Minimal polynomial of $\alpha + \beta$ over $\mathbb{Q}$
The way to compute this is as follows: if $A$ is a matrix which has $\alpha$ as an eigenvalue and $B$ is a matrix that has $\beta$ as an eigenvalue, then $A \otimes I + I \otimes B$ is a matrix that has $\alpha + \beta$ as an eigenvalue. This is because if $Av = \alpha v$ and $Bw = \beta w$ then
$$ (A \otimes I + I \otimes B)(v \otimes w) = (Av \otimes Iw) + (Iv \otimes Bw) = (\alpha + \beta)(v \otimes w). $$
To get $A$ and $B$, you can use the companion matrix of a polynomial:
$$ \mathrm{Char. Poly.} \begin{pmatrix} 0 & 0 & \dots & -a_0 \\ 1 & 0 & \dots & -a_1 \\ 0 & 1 & \dots & -a_2 \\ \vdots & \vdots & \ddots & \vdots \\ 0 & 0 & \dots & -a_{n-1} \end{pmatrix} = x^n + a_{n-1}x^{n - 1} + \dots + a_0. $$
If you do this computation, you'll find that the characteristic polynomial of $$ \begin{pmatrix} 0 & 0 & -1 \\ 1 & 0 & -1 \\ 0 & 1 & 0 \end{pmatrix} \otimes I_2 + I_3 \otimes \begin{pmatrix} 0 & 3 \\ 1 & -1 \end{pmatrix} $$ is $x^6 + 3x^5 - 4x^4 - 11x^3 + 25x^2 + 52x -39$ and that's the minimal polynomial of $\alpha + \beta$.
Here’s another method:
The roots of the second (quadratic) polynomial are $\beta$ and $\overline\beta=-1-\beta$ (because the sum of the roots has to be the negative of the next-highest coefficient).
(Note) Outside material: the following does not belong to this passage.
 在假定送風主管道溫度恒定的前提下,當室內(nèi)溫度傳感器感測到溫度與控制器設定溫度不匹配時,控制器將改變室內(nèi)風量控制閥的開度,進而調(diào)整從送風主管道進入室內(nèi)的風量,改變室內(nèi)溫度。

Now take the polynomial $f(X)=X^3+X+1$, which is the minimal polynomial for $\alpha$, and write $g(X)=f(X-\beta)$, which is a polynomial with $\alpha+\beta$ for a root, coefficients in $\Bbb Q(\beta)$. Also, write $\overline g(X)=f(X-\overline\beta)$, just what you get from $g(X)$ by replacing $\beta$ by $\overline\beta$. If we’ve done everything right, we’ll get $g\overline g$ to have rational coefficients. In fact, \begin{align} g(X)&=X^3-3\beta X^2 +(10-3\beta)X +4-5\beta\\ \overline g(X)&=X^3+(3+3\beta)X^2+(13+3\beta)X+9+5\beta\\ g\overline g(X)&=X^6 +3X^5-4X^4-11X^3+25X^2+52X-39\,, \end{align} as desired.
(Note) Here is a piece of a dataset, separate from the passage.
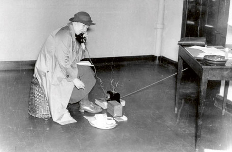 Forholdsreglene med forhengene ble tatt så journalisten ikke skulle se hvor de dro. Politimannen som fulgte henne i bilen var Ola Ahlgren fra Verdal,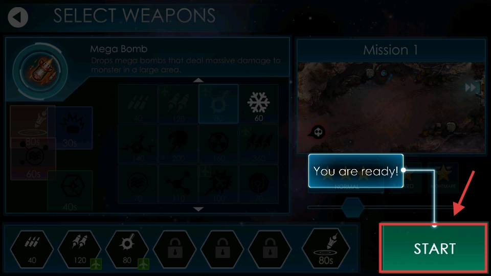 2、在武器选择界面选定武器后,点击【START】按钮,即可开启【Mission1】的防御任务。

(This is easily done by hand, if you work carefully. I confess that I was feeling lazy, and used a symbolic-computation package to do it. If working by hand, you may find it easier to use what you know about $\beta$, namely that it’s equal to $\frac{-1+\sqrt{13}}2$, when $\overline\beta$ is the same thing with a minus sign in front of the radical.)